The CSV file looks like this:

csv

It needs three columns:

  1. Source FlashArray volume name
  2. Temporary volume name (this is the one created from the snapshot and force mounted)
  3. And the cluster to mount the volume to. If you don’t have clusters you will need to tweak the script a little.

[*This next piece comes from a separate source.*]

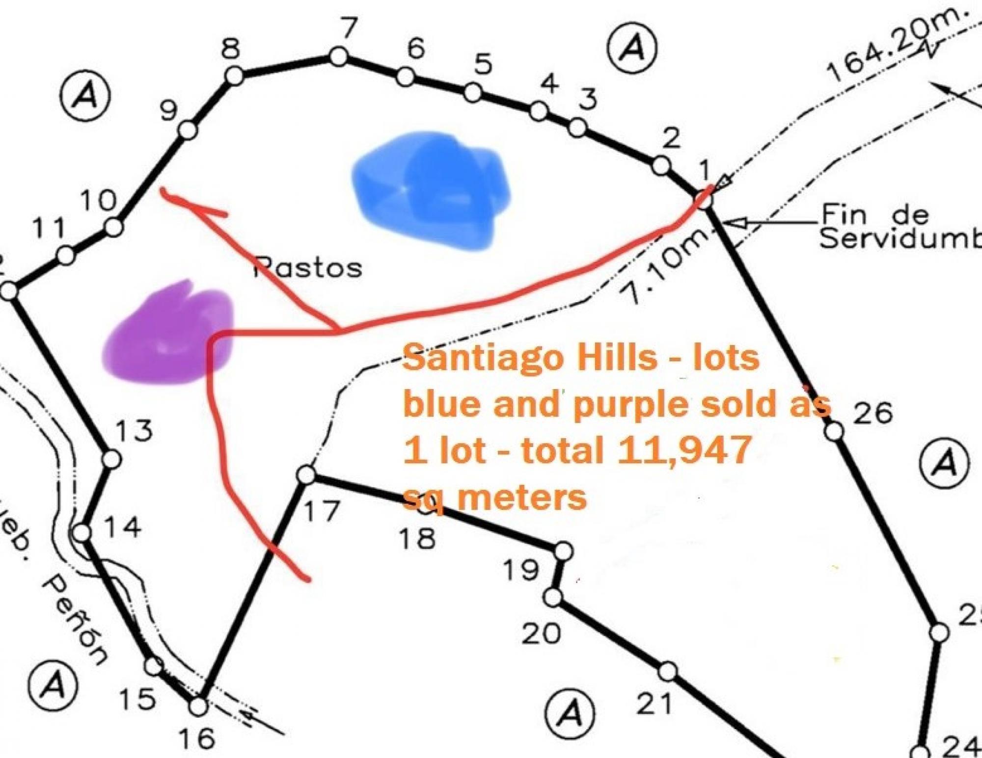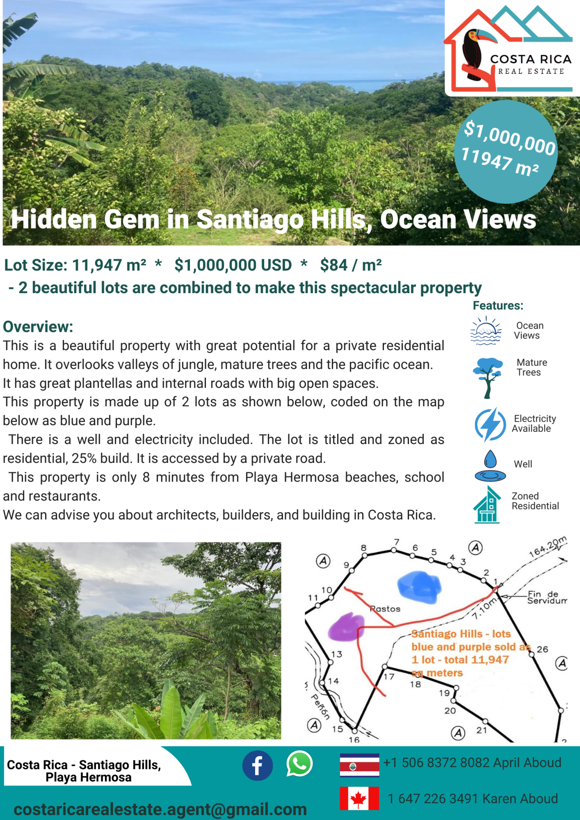 Hidden Gem in Santiago Hills, Ocean Views. Lot Size: 11,947 m² * $1,000,000 USD * $84 / m² - 2 beautiful lots are combined to make this spectacular property. This is a beautiful property with great potential for a private residential home. It overlooks valleys of jungle, mature trees and the pacific ocean. It has great plantellas, internal roads and big open spaces. This property is made up of 2 lots as shown in the picture provided with the lots coded on the map as blue and purple. There is a well and electricity included. The lot is titled and zoned as residential, 25% build. It is accessed by a private road. It is only 8 minutes from Playa Hermosa beaches, school and restaurants. We can advise you about architects, builders, and building in Costa Rica. April has 30+ years in Costa Rica and will help you with this property or find another one for you. Check out our website. Website https://www.costarica-realestate.co To contact us: email: costaricarealestate.agent@gmail.com WhatsApp +1 506 8372 8082 (April, located in Costa Rica). In Canada call or text Karen at 1-647-226-3491 (using WhatsApp or direct)

Let’s look at a quick example. I have:

  1. I have a VM named “VM01”
  2. Running on a VMFS volume named “VMFS01”
  3. It is on a FlashArray named “FAsource” and the physical volume name is “VMFS01vol”
  4. It is replicating to a remote FlashArray named “FAtarget”

My CSV looks like so:

csv2

The volume “VMFS01volrecovery” does not exist right now.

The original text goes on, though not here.